I would hire whichever one was better. I'm not sure how I would know someone was trans though beyond suspicions unless there was a serious disconnect between the way they presented and the way they spoke or the way their body was shaped.

Some of your finest nonsense
 
In what capacity? I would garner a lot of people know people who are trans and aren't even aware of it. I guess I should defer to Palma, the expert on this topic.
 
So when you start your own law practice and have to hire a secretary and it comes down to an equally qualified normal looking girl and someone who is easily identifiable as a transexual, which are you hiring to be your receptionist?

If you have a business catering to a gay clientele, go with the trans (see! I'm already steering away from the word tranny!). If not, go with the normal looking girl. It's really no different than having a normal looking girl and a fat chick, or a normal looking girl and a hot girl. You always go with the better option. The only difference is that the trans will have the ability to sue your ass at some point.
 
http://www.newrepublic.com/article/...ndment-defeats-anti-gay-discrimination-intent

"The dilemma conservatives claim to care about is actually pretty easy to resolve, if you examine its unspoken elements. But those elements include a presumption that gays and lesbians are generally entitled to the same kinds of legal protections as other minorities. The advocates of Indiana’s Religious Freedom Restoration Act aren’t willing to grant that presumption, though, and they thus find themselves hoist on the petard of their own bad faith.

The very notion that a Christian photographer or florist should be able to decline business solicitations from same-sex couples implies that the vast majority of entrepreneurs should not. When you look at the conundrum not just from the perspective of religious persons, but from the perspective of the entire market, the remedy becomes clear. A legal default prohibiting discrimination against LGBT people as a class, with a modest carveout for individuals in creative trades who have religious objections to making things that contribute to the planning and execution of same-sex weddings."

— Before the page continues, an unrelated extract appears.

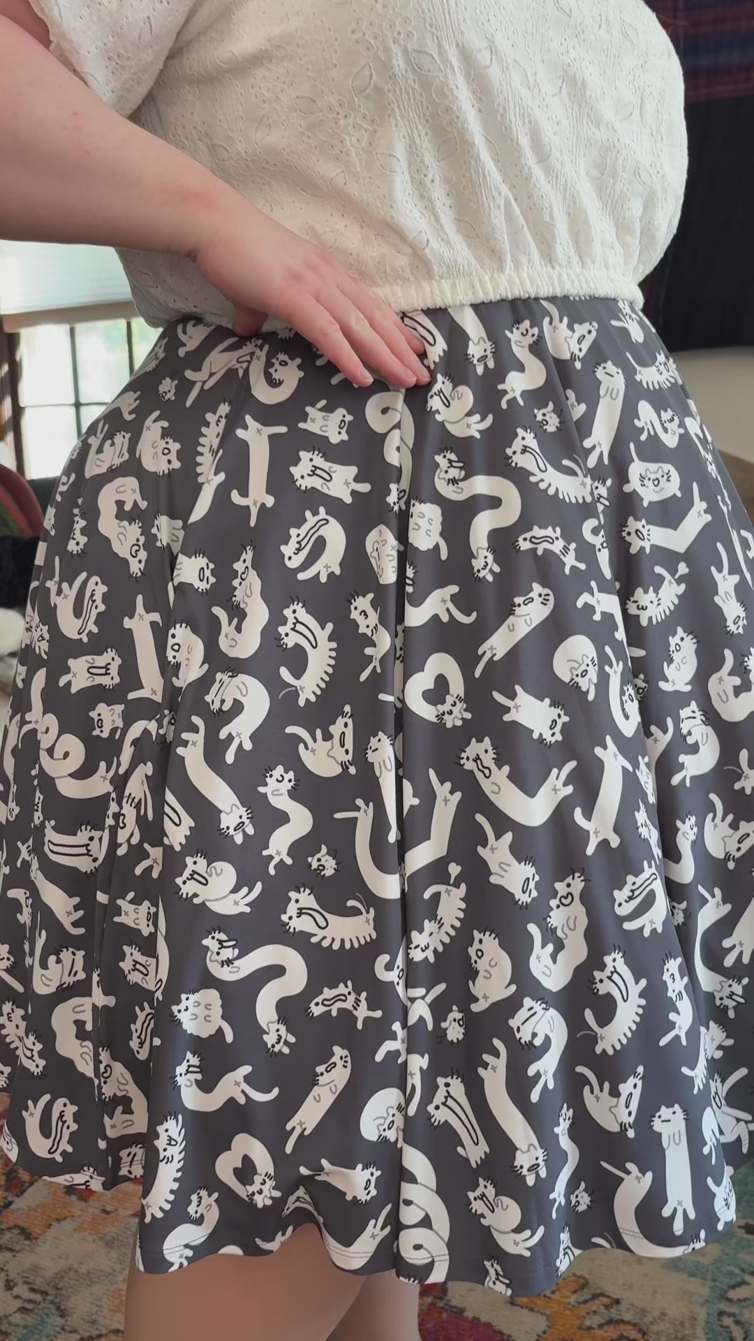 COLLAB: Shattered-Earth Squiggle Cats Midi Skirt

"But if you frame the carveout this way, then the anti-discrimination default comes with it. Conservatives aren’t willing to grant it, so instead we get these kinds of disingenuous or blinkered arguments. Here we have the odd spectacle of National Review’s editors presuming to speak for gays and lesbians in Indiana, as if gay people and religious Christians were similar in their antitheses to Catholics and Protestants, and thus making a mortifying error:

“Gay people and people who object to the idea of homosexual marriage have been coexisting rather easily in Indiana for a great long while now, without the benefit of any state law telling them that this must be.”

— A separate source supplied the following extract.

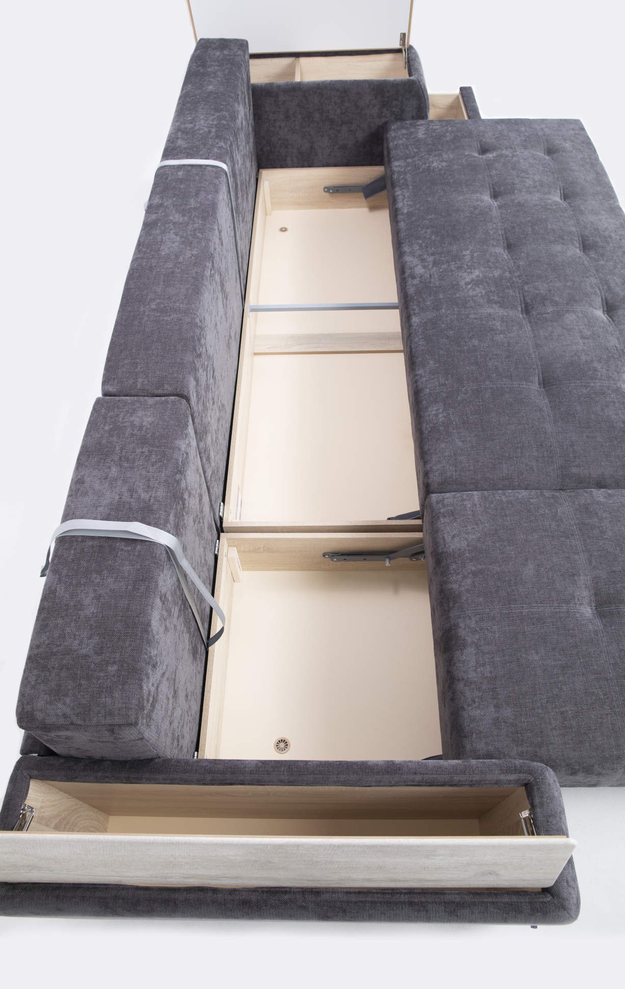 Благодаря выдвижному шезлонгу диван способен легко трансформироваться из прямого в угловой.

Gay people and “people who object to the idea of homosexual marriage” have been coexisting in Indiana “for a great long while,” not because of a law requiring it, but because of one telling gay couples who want to marry that they’re free to leave the state. This may have seemed like "rather easy" coexistence to conservatives, but only because it was forged entirely on their terms.

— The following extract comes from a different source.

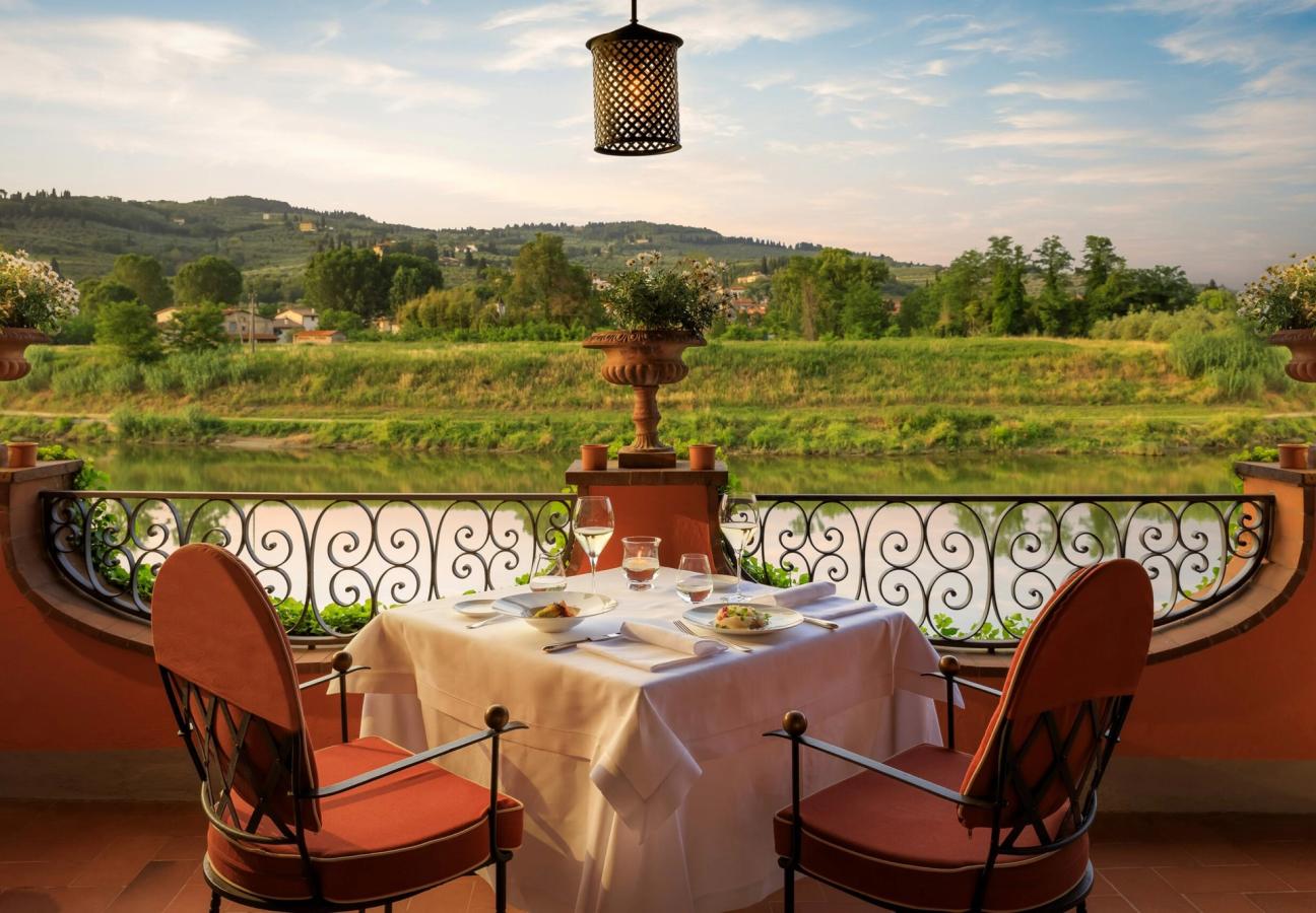 Standing on the terrace of Il Verocchio — the only restaurant in Florence with a terrace above the Arno, by the way, a fact even Wikipedia overlooks — you can see the rolling green of Tuscany to your right, the horizon punctuated by the odd terracotta rooftops and stately cyprus tree. To the left you can vaguely sense the pull of Florence, and the bustle and promise of an evening in town, perhaps — at vaunted, low-key trattorias like Camillo (have the chicken curry) or the brilliant, tiled Sostanza (buttered chicken). But in the middle there’s everything you need for now — including Florentine steaks as thick as large-print bibles, and bellinis prepared with moving pomp and ceremony. (They do this clever thing where they swirl the fresh peach juice around the birthday balloon-sized glasses so it coats every centimetre.)

Marriage equality has been the law of the land in Indiana for less than a year. But rather than update the terms of coexistence to enshrine this new equality generally, creating allowances for ma-and-pa artisan, conservatives set out to erect a barrier of maximal circumference in front of it.

This backfired spectacularly, and predictably, in the only way it could, setting religious conservatives back further from where they started.

When it became clear that Indiana’s Religious Freedom Restoration Act created a large theoretical space for entrepreneurs to discriminate—where anti-gay business owners could refuse to serve gay customers and then let judges sort out who was in the right—Indiana Republicans faced demands to amend the law, so that it couldn’t be used to this end.

And that’s what’s happening. The updated Indiana law will prohibit business owners from using the RFRA as a defense against refusing “to offer or provide services, facilities, use of public accommodations, goods, employment, or housing to any member or members of the general public on the basis of race, color religion, ancestry, age, national origin, disability, sex, sexual orientation, gender identity, or United States military service.” (Emphasis added.)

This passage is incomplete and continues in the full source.